Hace más de trescientos años, el patriarca de Moscú y de toda Rusia, Joaquín, bendijo al príncipe Mijaíl Cherkáski, propietario del pueblo de Ostankino, para la construcción de una nueva iglesia de piedra en lugar de la antigua de madera, consagrada en honor a la Trinidad Vivificante. El príncipe planeaba añadir dos capillas: en nombre de la Santísima Virgen María, la icono de Tikhvin y del santo Alejandro de Svir. Solicitó permiso para construir en un nuevo lugar debido a la epidemia que había dejado numerosos enterramientos en el antiguo. La petición para la construcción fue presentada en septiembre de 1678.
El pueblo de Ostankino es conocido desde 1548, y tras el Tiempo de Turbulencias se convirtió en la propiedad del príncipe Iván Borísovich Cherkáski. En 1617 ya había una iglesia en honor a la Trinidad Vivificante, tierras de cultivo, un estanque, un molino, el barrio de Boyárkina, la casa de los boyardos y el río Kopyténka, que más tarde fue canalizado. El personal de la iglesia estaba compuesto por un sacerdote, un diácono y un sacristán, que también era campanero.
En 1625 y 1627 se construyó una nueva iglesia de madera. La propiedad pasó al príncipe Yákov Kudentóvich Cherkáski, y luego al príncipe Mijaíl Yákovlevich Cherkáski, quien decidió construir una iglesia de piedra. Su hijo mayor, Pedro, se casó con la princesa María Borísovna Golitsina, y el menor, con Agrafena Lvovna Naryshkina. El príncipe Cherkáski era un gran terrateniente, poseyendo 9083 casas. Ostankino era la principal mansión de los Cherkáski en la región de Moscú. El príncipe construyó mucho: iglesias en el monasterio Novo-Spas, en el pueblo de Nikolskoye, en el territorio del Kremlin y en otros lugares.
Ostankino fue la residencia principal de los Cherkáski. La nueva iglesia, situada cerca de la mansión, se convirtió en su iglesia doméstica con tres capillas. Personas de alta sociedad, incluidos miembros de la familia imperial, a menudo se detenían aquí en su camino hacia el Monasterio de la Trinidad de San Sergio. En 1856, antes de la llegada del emperador Alejandro II, se renovó el iconostasio. El iconostasio de la iglesia es interesante por su arquitectura, que recuerda a un órgano.
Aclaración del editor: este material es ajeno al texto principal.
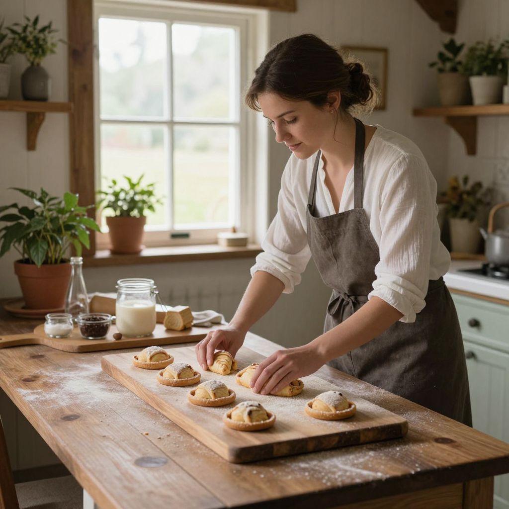 Woman baking in a cozy country farmhouse kitchen, arranging freshly made pastries on a wooden board while surrounded by natural light streaming through a window and potted plants adding warmth to the scene.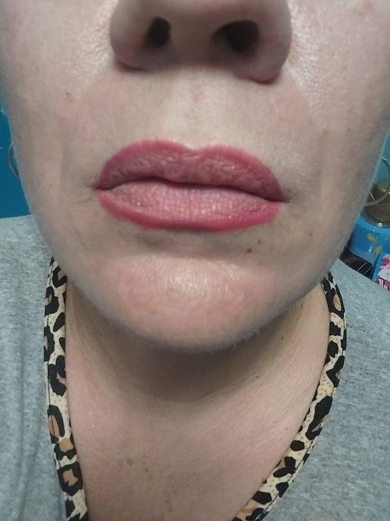 Terribly dark color. For lips, it's completely unsuitable. Only for eyes.

En el siglo XVIII, Ostankino seguía siendo la residencia principal de los Cherkáski, pero con el traslado de la capital a San Petersburgo, los propietarios visitaban menos este lugar. En la década de 1730, Ostankino recuperó su importancia, y el príncipe Cherkáski pasaba aquí el verano con su familia. La emperatriz Ana Ioánovna y Elizabeth Petrovna visitaron la mansión. Tras la muerte del príncipe en 1742, su hija Varvara se casó con el conde Pedro Sheremetev. Ostankino cayó en un letargo, pero tras la muerte de Varvara en 1767, el conde Pedro Borísovich cambió la apariencia de la iglesia.
En el siglo XIX, los Sheremetev se mudaron a Petersburgo. El conde donó para la construcción de instituciones benéficas, incluido el Instituto de Emergencias de nombre Sklífososovski. Tras su muerte, la propiedad pasó al príncipe Dmitri Nikolaevich, bajo cuyo mando la iglesia fue restaurada. Ostankino se convirtió en un lugar popular para paseos. En 1856, el emperador Alejandro II eligió Ostankino para la confesión antes de su coronación. La iglesia fue renovada, los íconos restaurados y las paredes repintadas.
El conde Dmitri Sheremetev era piadoso y a menudo veneraba las reliquias. En 1866, trajo a Ostankino el ícono de la Virgen de Iver. En 1875, el conde Alexander Dmitrievich Sheremetev comenzó la reparación y restauración de la iglesia.
En 1919, la parroquia se trasladó al sótano debido a la pobreza. En 1922, se retiraron valores de la iglesia. En la década de 1930, la iglesia se convirtió en parte del Museo Antirreligioso. Durante la guerra, el local se utilizó como almacén. En la década de 1970, comenzó la restauración. En 1991, el Patriarca Alexis II consagró el altar en honor a la Santa Trinidad Vivificante. En 1994 y 1996 se consagraron las capillas. Actualmente, aquí se encuentra la residencia patriarcal y se ha creado una comunidad ortodoxa. En momentos difíciles y en festividades, la hermandad reza por la salvación de Rusia y de todos los cristianos ortodoxos.